La liturgia della Parola di questa domenica ci istruisce in modo convincente su come adottare uno stile di governo orientato al servizio. Caro don Ruggero, eri presenti ieri sera nella celebrazione eucaristica ad Isola del Liri, e hai condiviso la mia riflessione sulla figura di Mosè, presente in questa domenica nel primo testo della Parola di Dio, del quale ho voluto presentare ieri quattro ritratti appresi dalla sacra Scrittura. Mentre affido anche a te quanto già detto , desidero sviluppare questa sera la mia meditazione sul ministero di Mosè. Nello stesso testo cogliamo un momento critico del suo servizio al popolo incamminato nel deserto. Ma è bene ripartire dall’inizio per capire anche il brano odierno. Il libro dell’Esodo ci presenta la figura di Mosè come il “privilegiato”, perché salvato dalla furia omicida del Faraone rivolta contro i figli maschi degli ebrei. La sua crescita nella corte egiziana gli farà contrarre la sindrome del “primo della classe”. Vizio, questo, che tenderà a conservare nello stile e nelle manifestazioni del suo temperamento. Sarà questo difetto a mettere a repentaglio la sua stessa vita quando, avendo assistito al maltrattamento di un ebreo da parte della guardia egiziana, uccide quest’ultimo, nascondendo il suo corpo nella sabbia. L’orgoglio lo acceca nella mente, la presunzione del “fai da te” gli confonde il cuore, la pretesa delle sue abilità lo debilita. Pretende di fare giustizia di sua iniziativa commettendo un omicidio. La sua prima uscita è stata davvero un fallimento.

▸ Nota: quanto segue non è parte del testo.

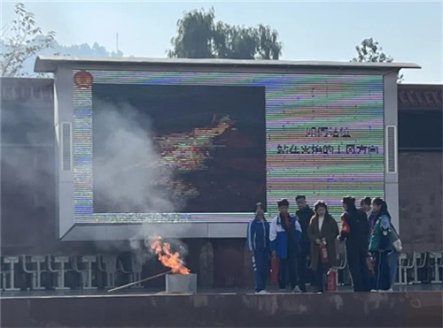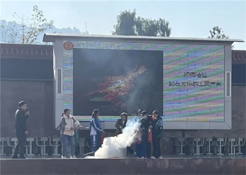 老师手把手示范“提拔握压”四步法,师生代表轮番上阵,3秒扑灭油盆火,白色粉雾在阳光下划出安全弧线。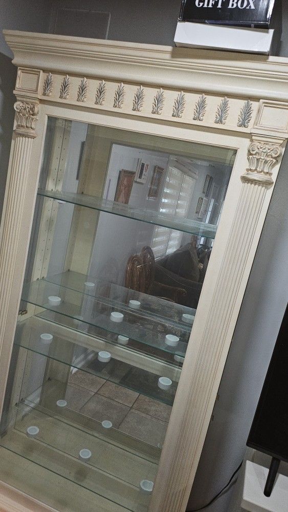 Havertys curio cabinet in a blond finish. There are three glass shelves inside with mirrored back. It is lit as well. 44"wide x 15"deep x 82"high . A set of two cabinet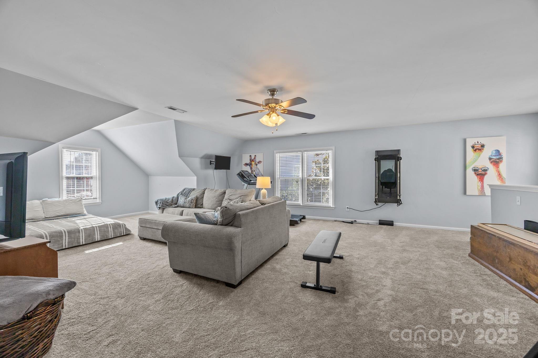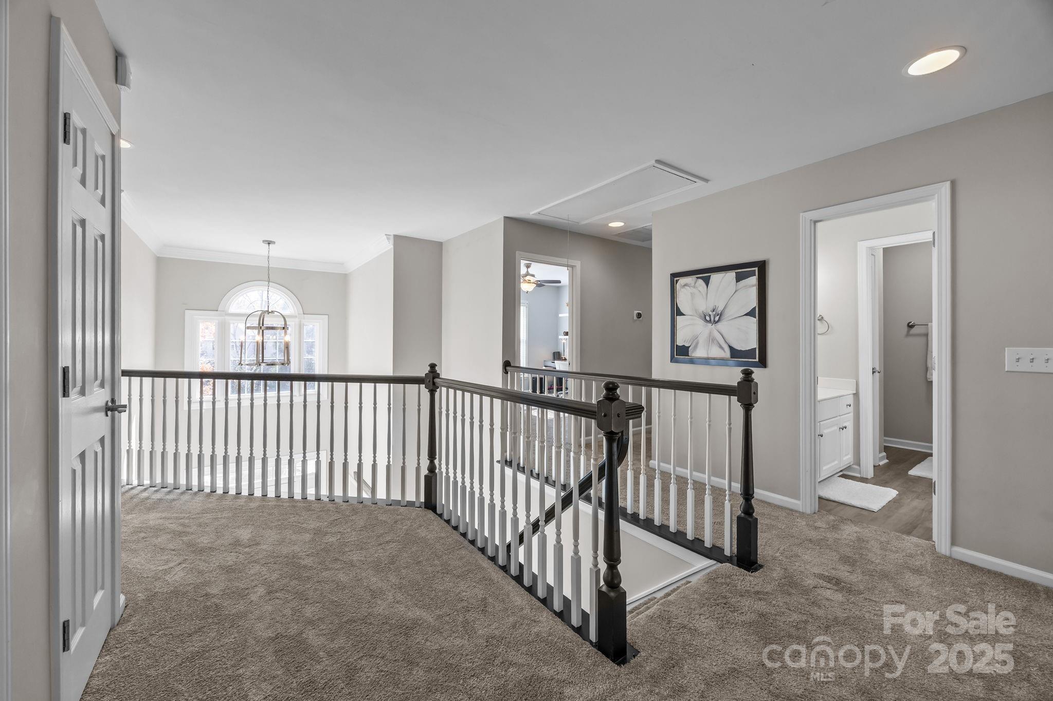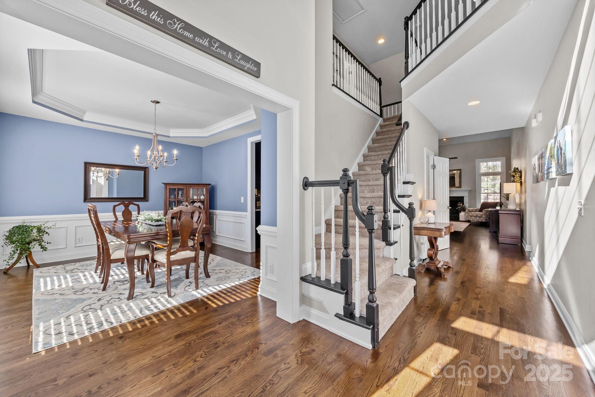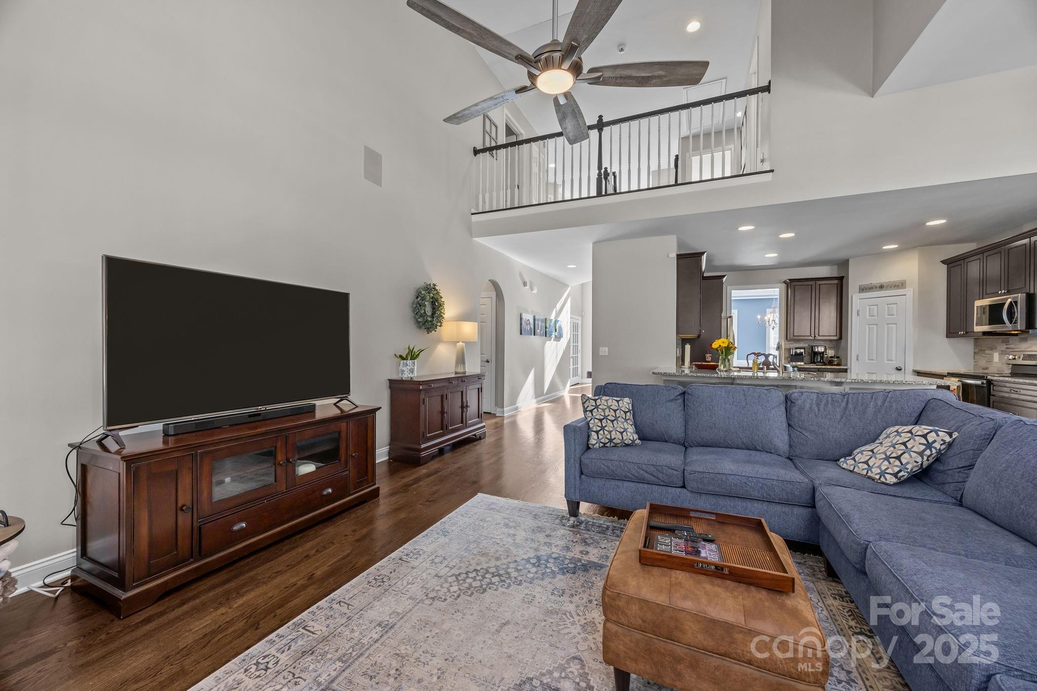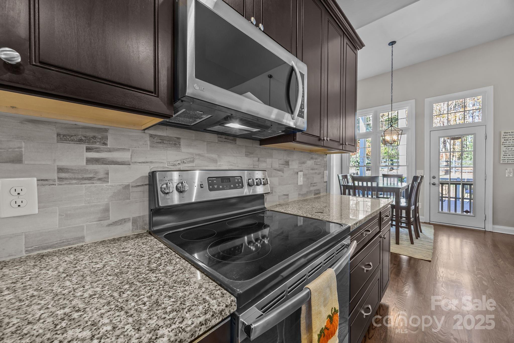 Stunning all-brick, five-bedroom home located on an oversized cul-de-sac lot in the highly desirable Ballantyne area. This prime location offers convenient access to shops, restaurants, and I-485. This spacious home features an open floor plan with elegant hardwood floors throughout the main living areas, including a dramatic two-story great room with abundant natural light from its skylights. The main-level primary ensuite offers a luxurious retreat with a jetted tub. A versatile fifth bedroom, which can also serve as a bonus room, boasts a large closet, flexible usage options, and a private staircase leading up from the main level. Outdoor living and entertaining are made easy with a beautiful pebble-tec in-ground pool and hot tub, complete with a soothing waterfall feature, alongside a spacious deck. The mature landscaping provides exceptional privacy and charm, enhancing this outdoor oasis. Additional highlights include a covered porch, an oversized garage with built-in shelving, a dedicated storage outbuilding, and a gas line ready for stove conversion. With a low HOA and exceptional curb appeal, the meticulously maintained yard and inviting exterior truly make this home a standout.

Resposanbile della responsabilità di tutti
Anche nella prima lettura di oggi Mosè è tentato di agire come uomo solo al comando. E anche quando si troverà in pieno deserto alla guida delle tribù fuggiasche, sarà la saggezza del suocero, Ietro, a convincerlo di non poter illudersi di essere solo a capo di questa avventura: “Allora il suocero di Mosè, visto quanto faceva per il popolo, gli disse: «Che cos’è questo che fai per il popolo? Perché siedi tu solo, mentre il popolo sta presso di te dalla mattina alla sera?… Ora ascoltami: sceglierai tra tutto il popolo uomini validi che temono Dio, uomini retti che odiano la venalità, per costituirli sopra di loro come capi di migliaia, capi di centinaia, capi di cinquantine e capi di decine. Mosè diede ascolto alla proposta del suocero e fece quanto gli aveva suggerito” (cfr. Es 18, 14-21).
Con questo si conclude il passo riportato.